**Given entries**.
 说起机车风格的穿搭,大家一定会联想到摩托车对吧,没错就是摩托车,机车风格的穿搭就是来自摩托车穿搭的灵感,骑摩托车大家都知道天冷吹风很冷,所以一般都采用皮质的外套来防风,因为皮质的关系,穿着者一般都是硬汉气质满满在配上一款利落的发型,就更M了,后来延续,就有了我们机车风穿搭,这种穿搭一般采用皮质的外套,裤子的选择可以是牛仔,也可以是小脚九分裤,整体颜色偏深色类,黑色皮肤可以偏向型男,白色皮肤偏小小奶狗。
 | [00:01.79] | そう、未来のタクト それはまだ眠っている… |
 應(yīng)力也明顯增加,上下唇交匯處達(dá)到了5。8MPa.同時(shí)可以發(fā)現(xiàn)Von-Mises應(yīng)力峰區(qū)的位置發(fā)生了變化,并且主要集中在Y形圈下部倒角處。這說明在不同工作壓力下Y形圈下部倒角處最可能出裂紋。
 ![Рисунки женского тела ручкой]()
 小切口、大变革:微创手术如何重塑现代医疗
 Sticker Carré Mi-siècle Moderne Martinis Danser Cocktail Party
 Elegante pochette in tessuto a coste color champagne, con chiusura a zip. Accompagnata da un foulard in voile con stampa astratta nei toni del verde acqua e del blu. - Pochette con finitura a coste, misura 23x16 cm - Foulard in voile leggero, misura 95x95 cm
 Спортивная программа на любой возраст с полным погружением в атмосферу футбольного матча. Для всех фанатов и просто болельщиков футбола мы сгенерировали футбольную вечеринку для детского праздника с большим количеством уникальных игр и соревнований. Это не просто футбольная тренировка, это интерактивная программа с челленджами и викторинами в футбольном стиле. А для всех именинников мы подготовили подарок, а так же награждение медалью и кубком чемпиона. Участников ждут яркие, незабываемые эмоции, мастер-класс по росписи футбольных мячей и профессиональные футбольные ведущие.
* * *
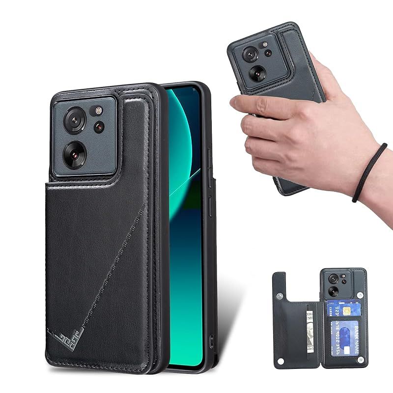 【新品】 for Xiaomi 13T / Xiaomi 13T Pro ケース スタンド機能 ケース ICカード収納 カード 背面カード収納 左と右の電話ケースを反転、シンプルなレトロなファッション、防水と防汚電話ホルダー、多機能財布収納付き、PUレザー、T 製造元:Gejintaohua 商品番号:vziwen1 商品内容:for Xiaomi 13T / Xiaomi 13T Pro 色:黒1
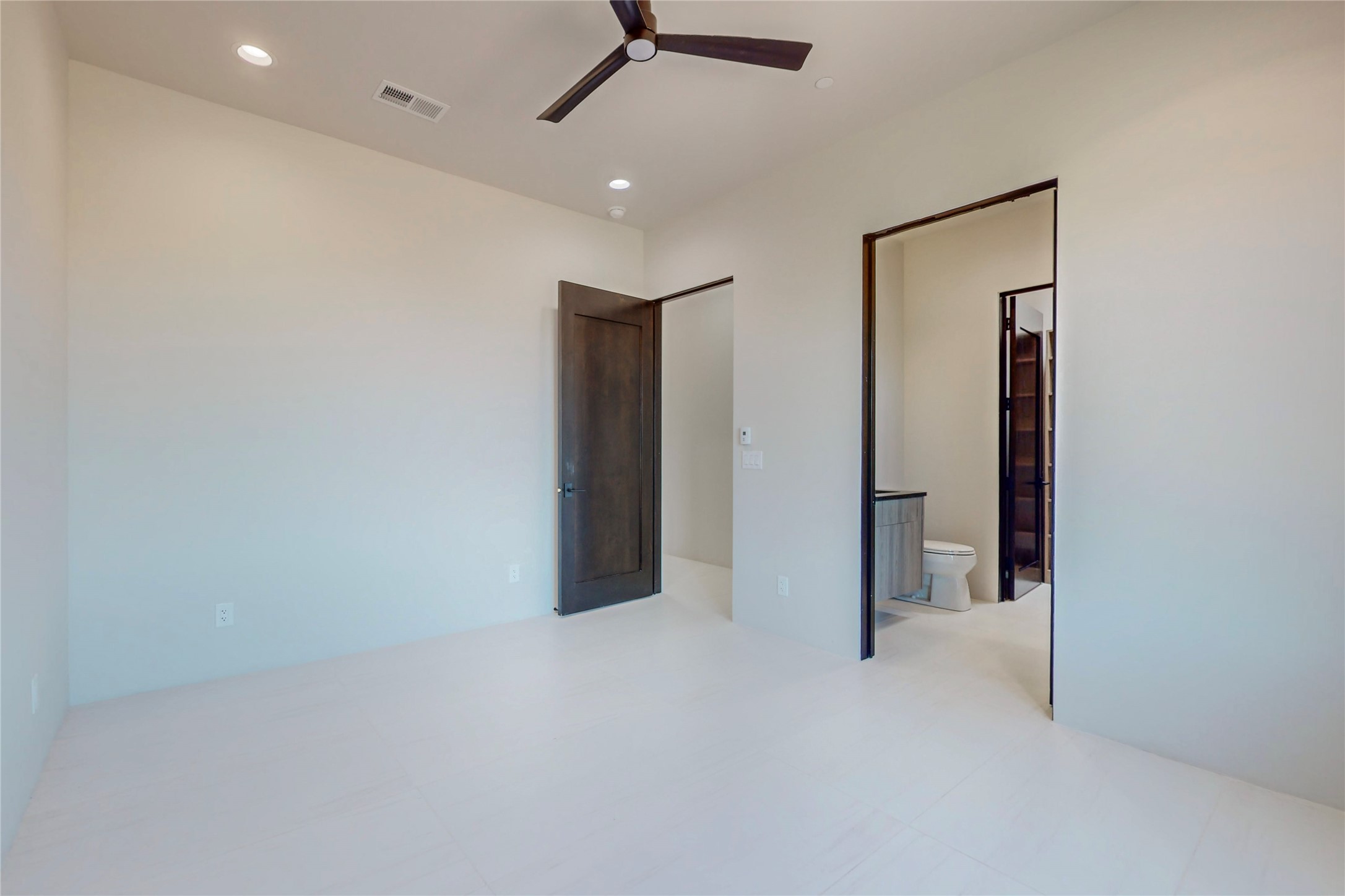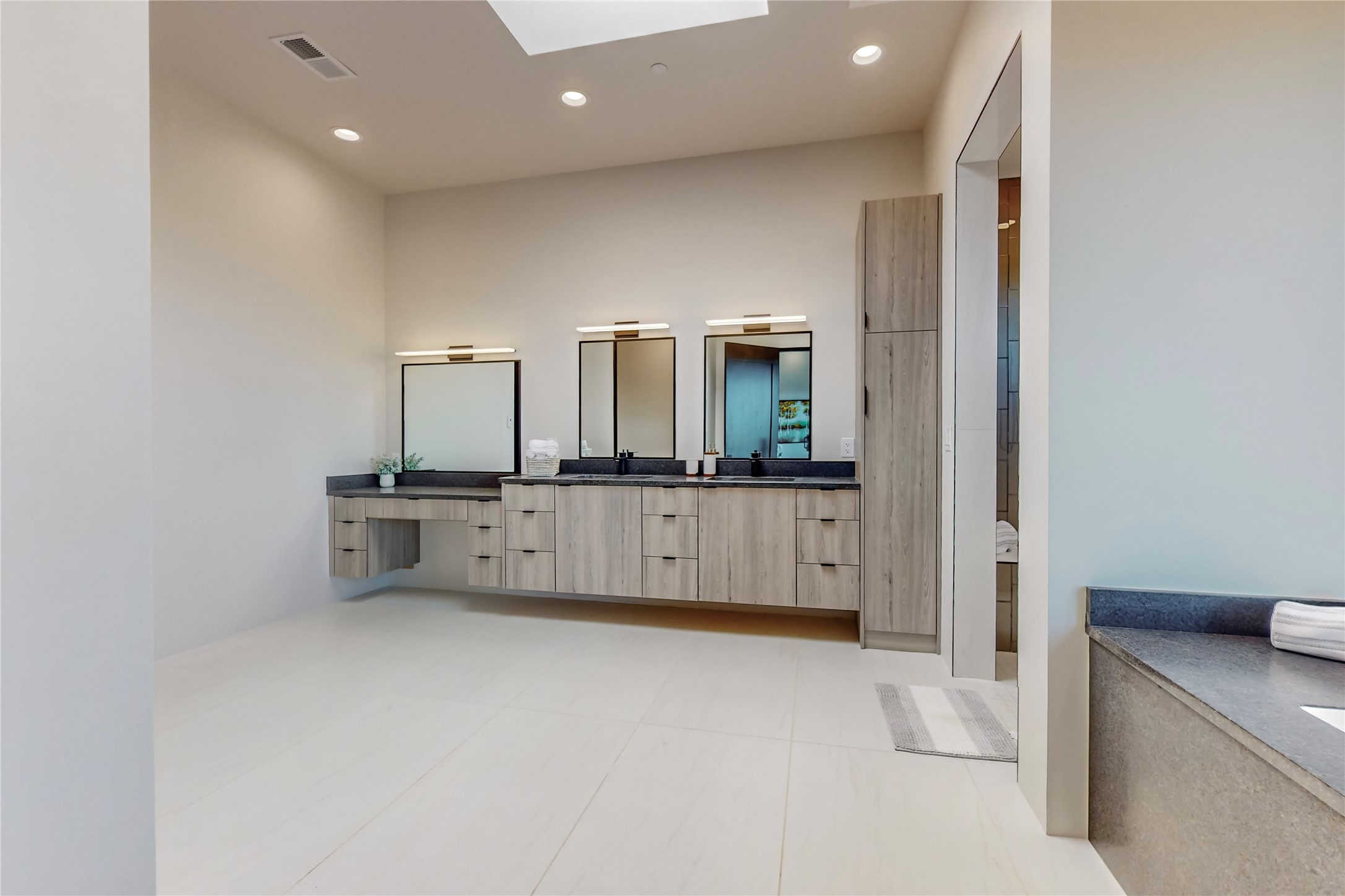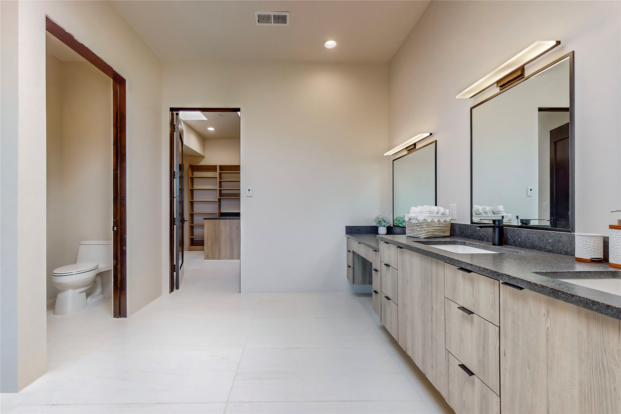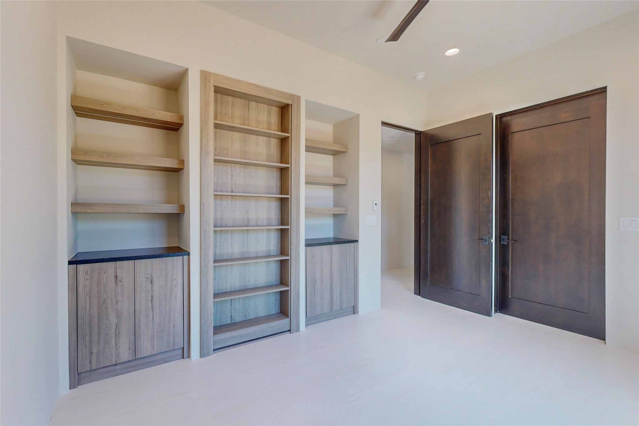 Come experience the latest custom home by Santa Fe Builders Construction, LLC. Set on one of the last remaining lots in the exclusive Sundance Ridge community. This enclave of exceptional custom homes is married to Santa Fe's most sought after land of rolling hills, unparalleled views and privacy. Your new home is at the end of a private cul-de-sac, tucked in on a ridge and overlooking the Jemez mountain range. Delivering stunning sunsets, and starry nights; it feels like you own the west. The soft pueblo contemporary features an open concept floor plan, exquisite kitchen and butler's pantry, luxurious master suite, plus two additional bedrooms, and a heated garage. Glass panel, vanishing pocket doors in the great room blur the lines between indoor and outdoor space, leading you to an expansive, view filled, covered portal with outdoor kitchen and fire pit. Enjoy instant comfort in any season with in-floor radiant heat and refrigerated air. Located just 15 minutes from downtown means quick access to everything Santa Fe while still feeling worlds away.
==
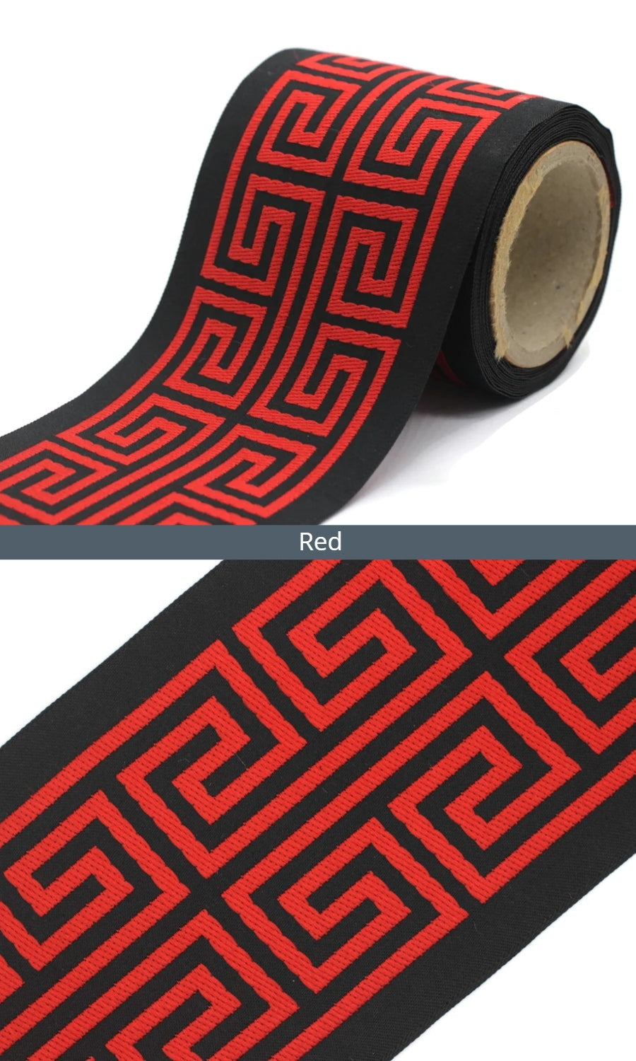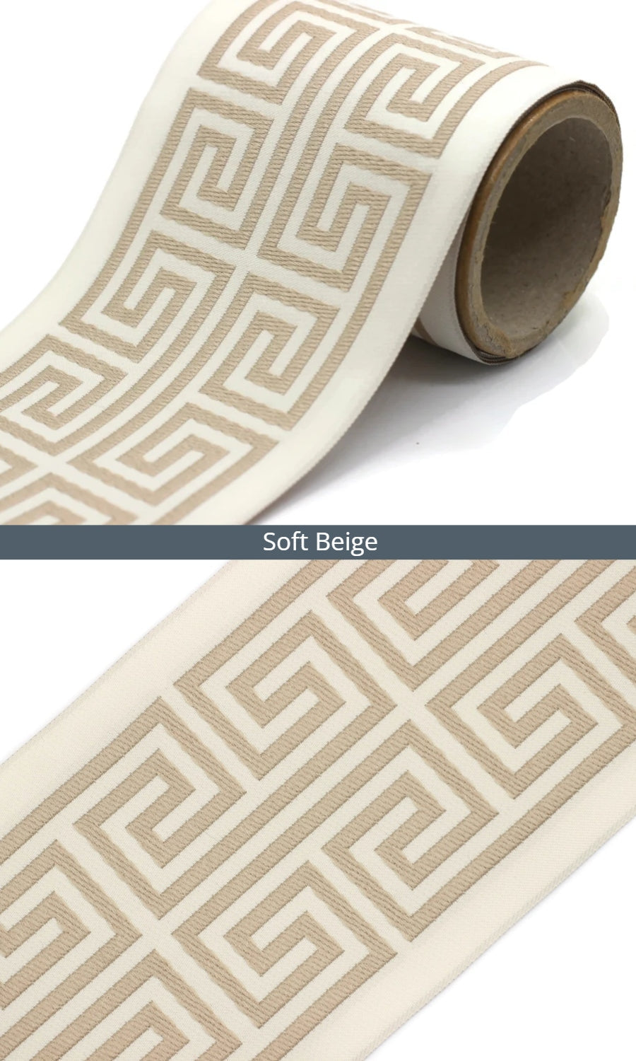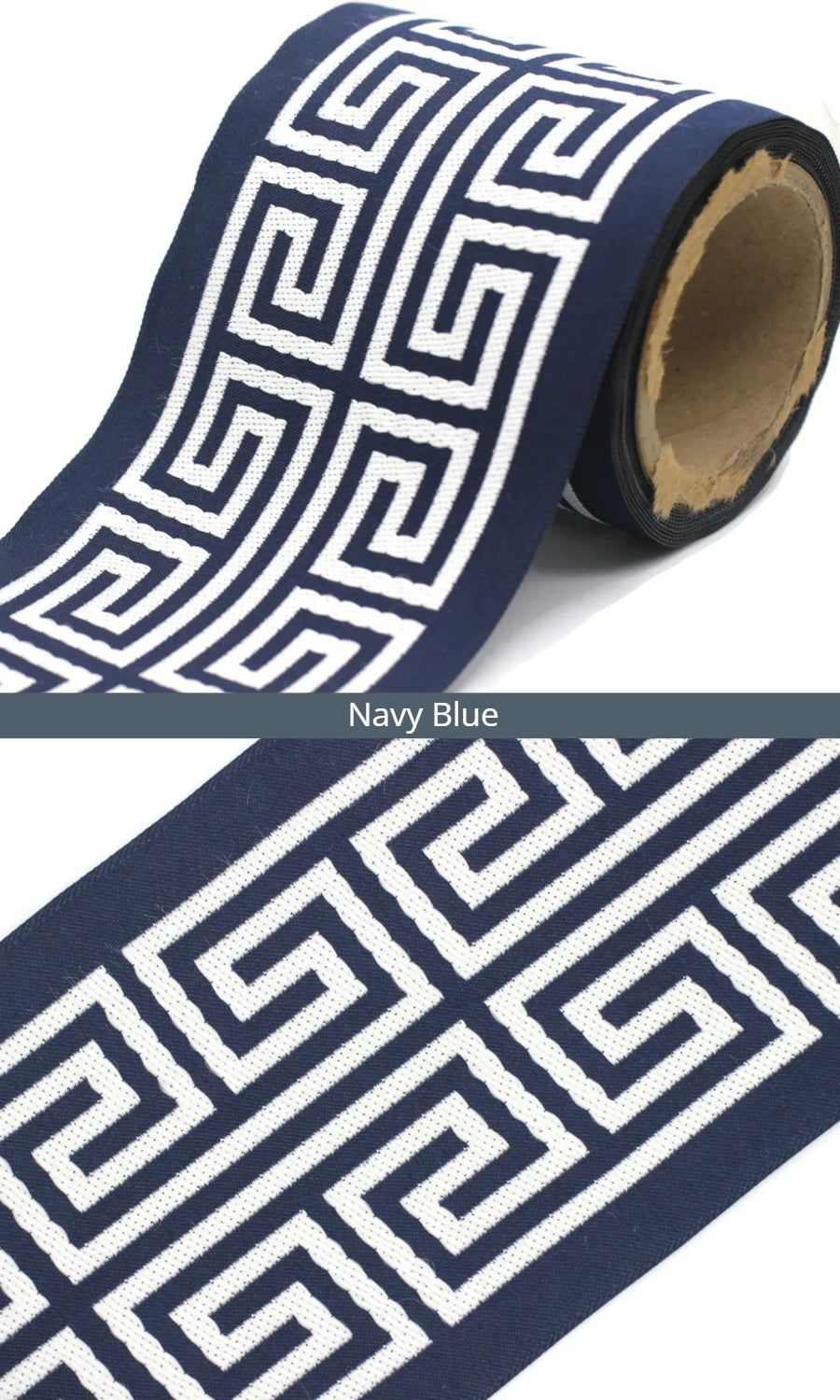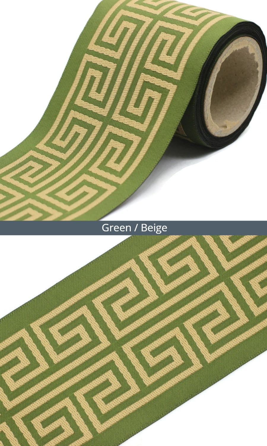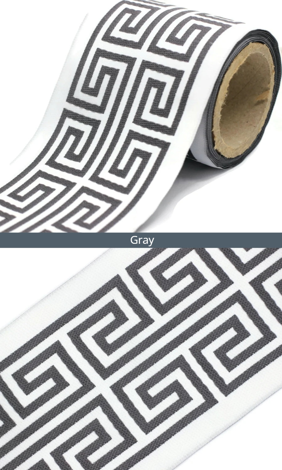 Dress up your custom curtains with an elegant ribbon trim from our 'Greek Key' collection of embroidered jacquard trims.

**Exercise**. Would you print exactly, and only, the lines of the data above from the line with "说起机车风格的穿搭,大家一定" through the line with "Sticker Carré Mi-siècle", inclusive?

**Exercise response**.
 说起机车风格的穿搭,大家一定会联想到摩托车对吧,没错就是摩托车,机车风格的穿搭就是来自摩托车穿搭的灵感,骑摩托车大家都知道天冷吹风很冷,所以一般都采用皮质的外套来防风,因为皮质的关系,穿着者一般都是硬汉气质满满在配上一款利落的发型,就更M了,后来延续,就有了我们机车风穿搭,这种穿搭一般采用皮质的外套,裤子的选择可以是牛仔,也可以是小脚九分裤,整体颜色偏深色类,黑色皮肤可以偏向型男,白色皮肤偏小小奶狗。
 | [00:01.79] | そう、未来のタクト それはまだ眠っている… |
 應(yīng)力也明顯增加,上下唇交匯處達(dá)到了5。8MPa.同時(shí)可以發(fā)現(xiàn)Von-Mises應(yīng)力峰區(qū)的位置發(fā)生了變化,并且主要集中在Y形圈下部倒角處。這說明在不同工作壓力下Y形圈下部倒角處最可能出裂紋。
 ![Рисунки женского тела ручкой]()
 小切口、大变革:微创手术如何重塑现代医疗
 Sticker Carré Mi-siècle Moderne Martinis Danser Cocktail Party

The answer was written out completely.